5-) “Maymun çiçeği eşcinsellerde daha yaygın görülüyor” derseniz, esasta aşı mağduru olan insanların PCR ile pozitif çıkarılması ve bu sonuçların artmasıyla “toplumda gizli eşcinselliğin yaygın olduğu” düşüncesini topluma empoze etme girişimlerine yardım ve yataklık etmekle kalmayıp, LGBT’nin “eşcinselliğin yönelim (genetikle gelen) olduğu” iddiasını güçlendirmiş olursunuz!

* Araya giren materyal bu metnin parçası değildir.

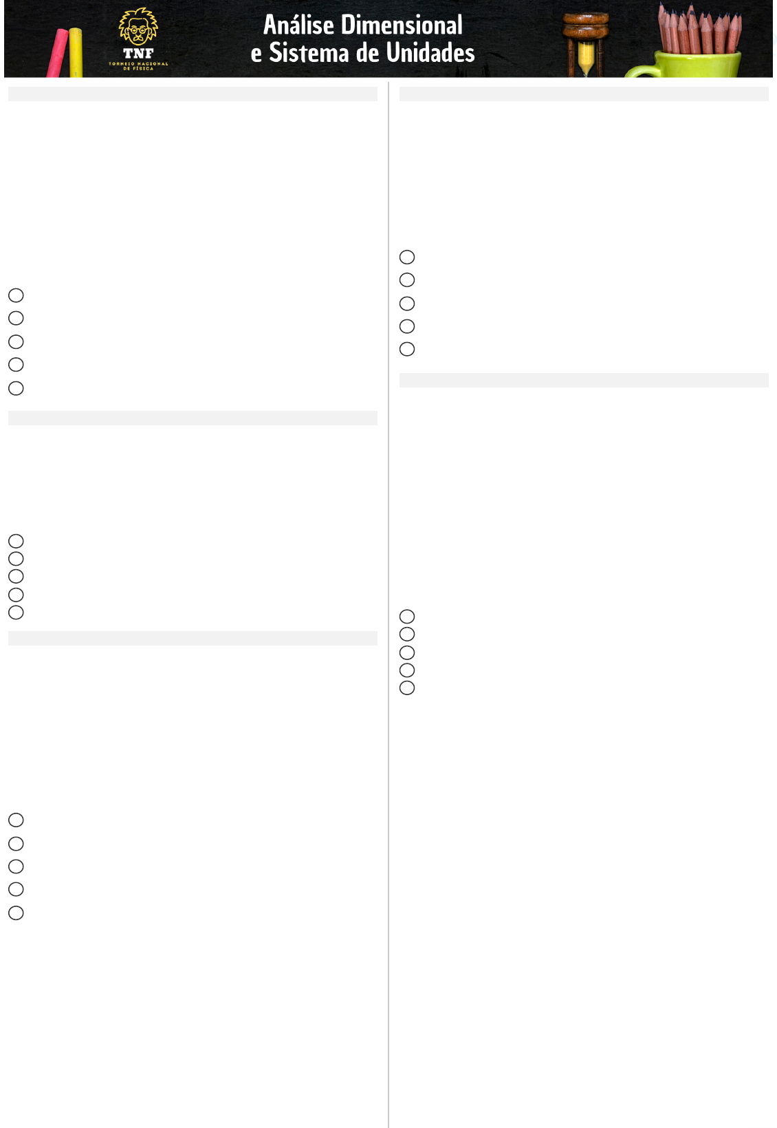 <p>Simulado Difícil 30 questões</p><p>ITA</p><p>a</p><p>b</p><p>c</p><p>d</p><p>e</p><p>EFOMM</p><p>a</p><p>b</p><p>c</p><p>d</p><p>e</p><p>EFOMM</p><p>a</p><p>b</p><p>c</p><p>d</p><p>e</p><p>ITA</p><p>a</p><p>b</p><p>c</p><p>d</p><p>e</p><p>Mackenzie</p><p>a</p><p>b</p><p>c</p><p>d</p><p>e</p><p>Questão 1</p><p>A energia produzida pelo Sol é resultante de reações de fusão</p><p>nuclear de conversão de hidrogênio em hélio. São convertidas em</p><p>radiação eletromagnética a cada segundo 4,3 milhões de</p><p>toneladas. Essa energia pode ser parcialmente convertida em</p><p>energia elétrica em painéis solares na superfície da Terra com</p><p>rendimento da ordem de 25%. Sabendo que a potencia elétrica</p><p>média consumida no Brasil é de 54 GW, estime a área que</p><p>precisaria ser coberta por painéis solares para atender a demanda</p><p>energética nacional.</p><p>Despreze perdas de armazenamento e transmissão de energia,</p><p>assim como efeitos da interação entre a luz e a atmosfera.</p><p>21 km2</p><p>320 km2</p><p>4.800 km2</p><p>52.000 km2</p><p>680.000 km2</p><p>Questão 2</p><p>Na sala dessa residência há uma janela de vidro de área 100,0</p><p>cm2 e 1,0 cm de espessura. Então, para se manter constante a</p><p>temperatura de 25 °C no interior da sala, deve ser produzida por</p><p>uma fonte de calor, a cada segundo, a quantidade de calor de:</p><p>(considere a condutividade térmica do vidro como 2,0x10-3</p><p>cal/s.cm.°C)</p><p>3,4 cal</p><p>3,9 cal</p><p>18,0 cal</p><p>34,0 cal</p><p>39,0 cal</p><p>Questão 3</p><p>Considere que uma esfera de massa 1,0 kg e carga 2,0x103 C</p><p>seja liberada, a partir do repouso, de uma altura de 20,0 m em</p><p>uma região controlada na qual se fez vácuo.</p><p>Qual é o módulo do campo magnético observado em um ponto P</p><p>do solo situado a 1,0 m do ponto de impacto da esfera no instante</p><p>imediatamente anterior ao da sua chegada ao solo? (Desconsidere</p><p>emissões de radiação devido à aceleração da esfera.) Dados:</p><p>permeabilidade magnética do vácuo:</p><p>4 πx10-7 T.m/A</p><p>2,0x10-5 T</p><p>4,0x10-5 T</p><p>4,0x10-4 T</p><p>2,0x10-3 T</p><p>4,0x10-3 T</p><p>Questão 4</p><p>O sistema de unidades atômicas de Hartree é bastante útil para a</p><p>descrição de sistemas quânticos microscópicos. Nele, faz-se com</p><p>que a carga fundamental e, a massa do elétron m0, a constante</p><p>eletrostática do vácuo K0 e a constante de Planck reduzida h</p><p>sejam todas numericamente iguais à unidade.</p><p>Assinale a alternativa que contém a ordem de grandeza. do valor</p><p>numérico da velocidade da luz no vácuo c, nesse sistema de</p><p>unidades.</p><p>100</p><p>102</p><p>104</p><p>106</p><p>108</p><p>Questão 5</p><p>Um vestibulando da UPM – Universidade Presbiteriana Mackenzie</p><p>encontra o seu pai, um engenheiro, escrevendo no sistema MLT a</p><p>expressão dimensional da grandeza física A. Ele é então</p><p>informado que, na expressão abaixo descrita, a grandeza B é</p><p>inversamente proporcional à raiz quadrada do comprimento L, à</p><p>massa M e ao quadrado do tempo T. Sabe ainda que a constante</p><p>k é adimensional, C é aceleração angular e D é o produto entre</p><p>ângulo plano e a aceleração centrípeta.</p><p>A2 = k2.B3.C/3D</p><p>Tomando a expressão como dimensionalmente homogênea, o</p><p>vestibulando auxilia corretamente o seu pai e encontra, para os</p><p>expoentes de M, L e T, respectivamente,</p><p>– 3/2 ; - 5/4 ; -3</p><p>– 3/4 ; - 5/2 ; 3</p><p>– 2/3 ; - 4/5 ; -2</p><p>3/2 ; - 5/4 ; -2</p><p>– 3/4 ; 5/4 ; 2</p><p>FAG</p><p>a</p><p>b</p><p>c</p><p>d</p><p>e</p><p>EFOMM</p><p>a</p><p>b</p><p>c</p><p>d</p><p>e</p><p>Questão 6</p><p>Um estudante de Física aplica uma força F sobre um livro que está</p><p>em cima de uma mesa, conforme esquema apresentado na figura.</p><p>Lembrando da aula de Mecânica, ele começa a fazer algumas</p><p>conjecturas sobre as relações entre as forças que atuam nesse</p><p>livro.</p><p>Considerando um movimento de velocidade constante, qual das</p><p>alternativas a seguir expressa de forma mais adequada a relação</p><p>entre essas forças?</p><p>F < FAT e P = N.</p><p>ATF > F e P > N".</p><p>F = FAT e P = N.</p><p>F > FAT e P < N.</p><p>F < FAT e P < N.</p><p>Questão 7</p><p>A tensegridade (ou integridade tensional) é uma característica de</p><p>uma classe de estruturas mecânicas cuja sustentação está</p><p>baseada quase que exclusivamente na tensão de seus elementos</p><p>conectores. Estruturas com essa propriedade, exemplificadas nas</p><p>imagens abaixo, parecem desafiar a gravidade, justamente por</p><p>prescindirem de elementos rígidos sob compressão, como vigas e</p><p>colunas:</p><p>A figura abaixo representa uma estrutura de tensegridade formada</p><p>por uma porção suspensa (as duas tábuas horizontais junto da</p><p>coluna vertical à esquerda), de peso P e com centro de massa no</p><p>ponto A, que se liga a uma parede fixa e ao chão através de 2</p><p>cordas tensionadas:</p><p>d1: distância horizontal entre o ponto A e a corda 1</p><p>d2: distância horizontal entre o ponto A e a corda 2</p><p>h1: distância vertical entre o ponto A e o ponto de contato da corda</p><p>1 na porção suspensa</p><p>h2 distância vertical entre o ponto A e o ponto de contato da corda</p><p>2 na porção suspensa</p><p>Se a estrutura está em equilíbrio, então a tensão na corda 2 vale:</p><p>Pd1 d2 / [h1(d2 - d1)]</p><p>Pd2 h1 / [d2 - d1)]</p><p>Pd2 / (d2 - d1)</p><p>Pd2 h2 / [h1(d2 - d1)]</p><p>Pd1 /(d2 - d1)</p><p>EFOMM</p><p>a</p><p>b</p><p>c</p><p>d</p><p>e</p><p>EN</p><p>a</p><p>b</p><p>c</p><p>d</p><p>e</p><p>EN</p><p>a</p><p>b</p><p>c</p><p>d</p><p>e</p><p>Questão 8</p><p>Ana Clara está brincando à beira de uma piscina cheia de água,</p><p>quando acidentalmente sua boneca cai na piscina, a uma distância</p><p>horizontal de 1,9 m da borda, e afunda. Embora Ana Clara seja</p><p>uma

6-) “Maymun çiçeği eşcinsellerde daha yaygın görülüyorsa DSÖ önce eşcinselleri aşılasın madem” derseniz ve “bu söylemi de DSÖ’ye karşı bir koz olarak kullanıyorum ki çocuklar aşılanmasın” diyorsanız olağanüstü bir yanılgının içindesinizdir. Birde üstüne bunları sosyal medyada yazıp çizdiğiniz için kitleleri de o yanılgıya düşürüyorsunuz! Sizin bu hatalı stratejiler onlara kefil olmak gibidir. DSÖ ve onun bağlı olduğu küresel elit çete için yalan söylemek, su içme basitliğindedir. Bugün “eşcinsellerde yaygın” derler, yarın “beşikten en yaşlısına herkeste bulaş tehlikesi var” diyerek sırayı mutlaka çocuklarımıza torunlarımıza getirirler! Bu tehlikeye rağmen “Maymun çiçeği eşcinsellerde daha yaygın görülüyor” derseniz, aşılı-aşısız fark etmeksizin insanları yeni aşı programına yönlendirmiş olursunuz!

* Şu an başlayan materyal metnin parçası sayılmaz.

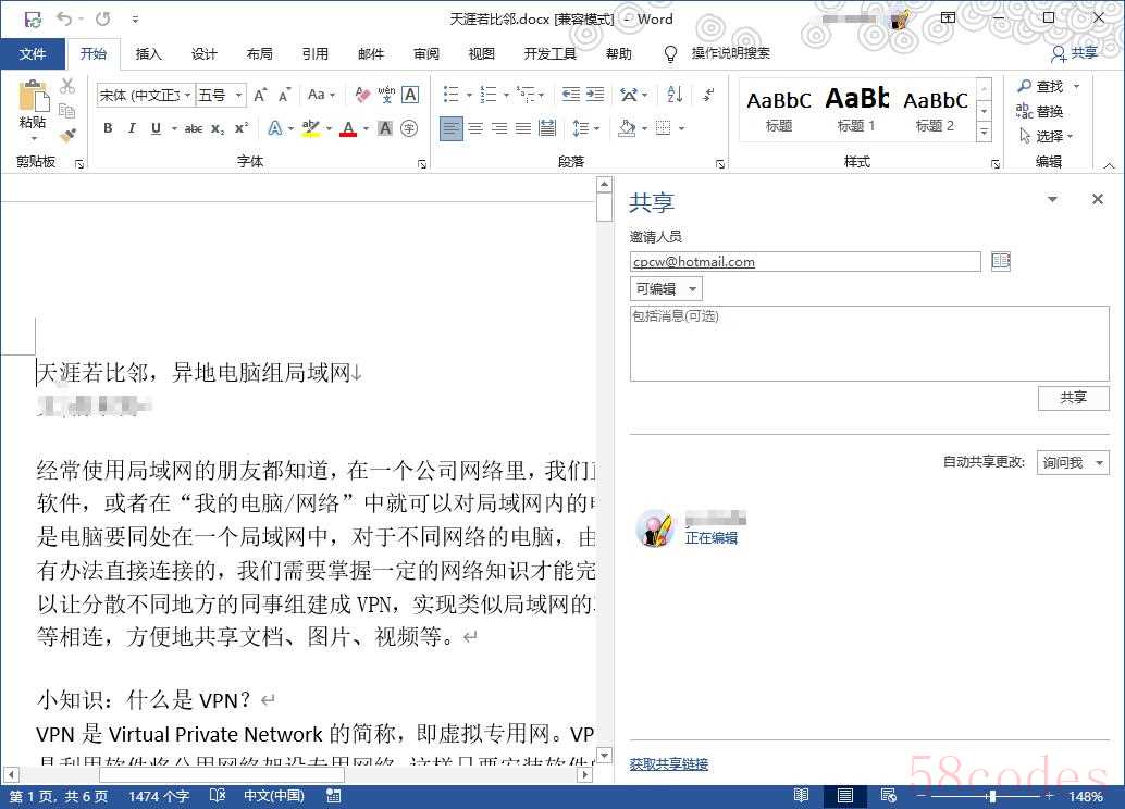 OneDrive的协作功能也比较好用,因为它可以和本地Office套件或在线Office 365集成在一起,只要在这些组件中打开文档并共享即可。以Word 2019操作为例,在Word打开需要协作的文档,点击右上角的共享按钮,按提示将文件保存在OneDrive后打开,接着就可以添加微软账户进行协作,只不过由于其服务器在国外,访问和打开的速度较慢(图15)。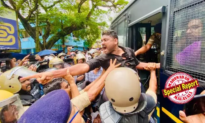 ഇതോടെ പോലിസും നിയന്ത്രണം വിട്ടു. ഇതിനിടെ സന്ദീപ് വാര്യര് ഉള്പ്പെടെ നിരവധി പ്രവര്ത്തകര്ക്ക് ലാത്തിയടിയേറ്റു. പ്രവര്ത്തകരെ അറസ്റ്റു ചെയ്തു വാനില് കയറ്റാന് ശ്രമിച്ചപ്പോള് പ്രതിഷേധം ഉയരുകയും തടയുകയും ചെയ്തു. പിന്നീട് മര്ദ്ദനത്തില് പ്രതിഷേധിച്ച് പ്രവര്ത്തകര് മിനി സിവില് സ്റ്റേഷന് മുന്നില് റോഡില് കുത്തിയിരുന്നു. ഇതു വഴിയുള്ള വാഹന ഗതാഗതവും തടസപ്പെട്ടു. തുടര്ന്ന് ഒരു മണിയോടെ യൂത്ത് കോണ്ഗ്രസ് പ്രവര്ത്തകരെ അറസ്റ്റ് ചെയ്ത് പോലിസ് വാനില് കയറ്റി സ്റ്റേഷനിലേക്ക് കൊണ്ടുപോയി.

7-) “Maymun çiçeği eşcinsellerde daha yaygın görülüyor” derseniz siz yalancı bir sevinme halinde olursunuz. Çünkü bu en çok WEF sevinir, DSÖ sevinir, ilaç şirketleri sevinir, LGBT sevinir! Çünkü bu söylem dillendirmeye devam edildiğinde küresel elit çetenin istedikleri tuzağa hem kendiniz düşmüş hem de size inanan insanları düşürmüş olursunuz!
Şu iyi bilinmelidir ki, maymun çiçeği virüsü ve salgını yoktur. “Maymun çiçeği” yalanı planlı pandemi sürecindeki Covid-19 aşı hasarlarını örtbas etmek üzere ortaya atıldı! Artık insanlara gerçekleri söyleyin. Ama bunu yaparken de gerçeklerin içine DSO’nün tuzaklarına yönlendirecek yalanları katmayın! (Bu bölümde Gül Temel’den alıntı yapılmıştır)
Maymun Çiçeği Hikayesi Küresel Elitlerin Büyük Sıfırlama Planlarının Neresinde?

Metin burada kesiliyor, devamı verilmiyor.